私はもう、ゼロを怖がらないって決めたんだから。
「私は、君が極めるべき道は、これだと思う」
そう、先生が差し出した羊皮紙の一番最後に、大きな走り書きで、
「虚――っ!」
指を口の前に立てる仕草に、慌てて叫びそうになったのを飲み込んだ。
本当に、無茶苦茶だ。
よりによって虚無か。誰もが伝説と謳い、始祖プリミル以外にその存在を認めないだろう虚無の属性か。
「キョ、ム?」
だけどここに、虚無を畏れないハヤテが、私の使い魔がいてくれる。
使い魔が畏れないものに、主人が背中を向けるなんてそんなみっともない真似、絶対にしてやらないんだから。

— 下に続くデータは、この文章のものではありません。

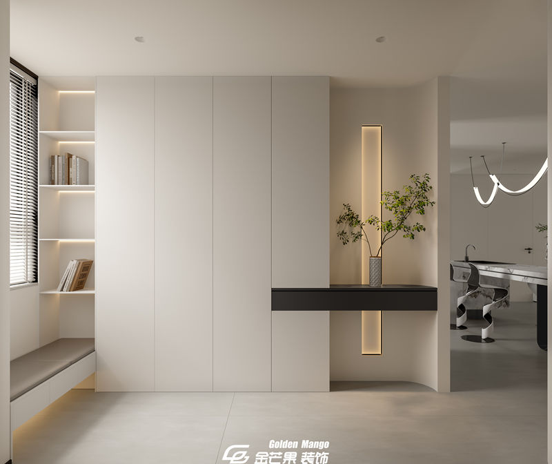 n 作為家的第一印象,玄關的設計既要實用,又要彰顯品味。金芒果在這里做了一個 L 型的玄關柜,底部留空方便放置常穿的鞋子,中間的臺面可以隨手放下鑰匙與包包,上方的柜體則能收納換季的衣物與雜物。最讓人驚喜的是玄關柜上的細節—— 一盞小小的臺燈,一個造型別致的花瓶,幾支新鮮的綠植,讓每天出門與回家都充滿了儀式感。

「プリミル以来6000年。誰一人として紡いだ者のない伝説の魔法だ」
「ミスタ・コルベール……私思ったんですけど、先生って本当に私のこと嫌いでしょう?」
「よく分かったね。何しろ昨日は思いっきり虐められたから」
虐めてなんかいませんっ
ああもう、笑いが止まらない。
生きてる間に辿り付けるかどうかも分からないのに、それでも挑戦したくなってる。
「やります、先生」
どうせ規格外なんだ。だったら規格外を極めて見せようじゃないか。
「それでこそミス・ヴァリエールだ。私も全力で君をサポートさせてもらおう」
「お言葉に甘えます。まずは教職員専用の図書から、虚無関連の資料を片っ端から」
「はっきり禁書と言いたまえ。分かっているとも」

そして、涙が零れるほど、先生と馬鹿笑いをした。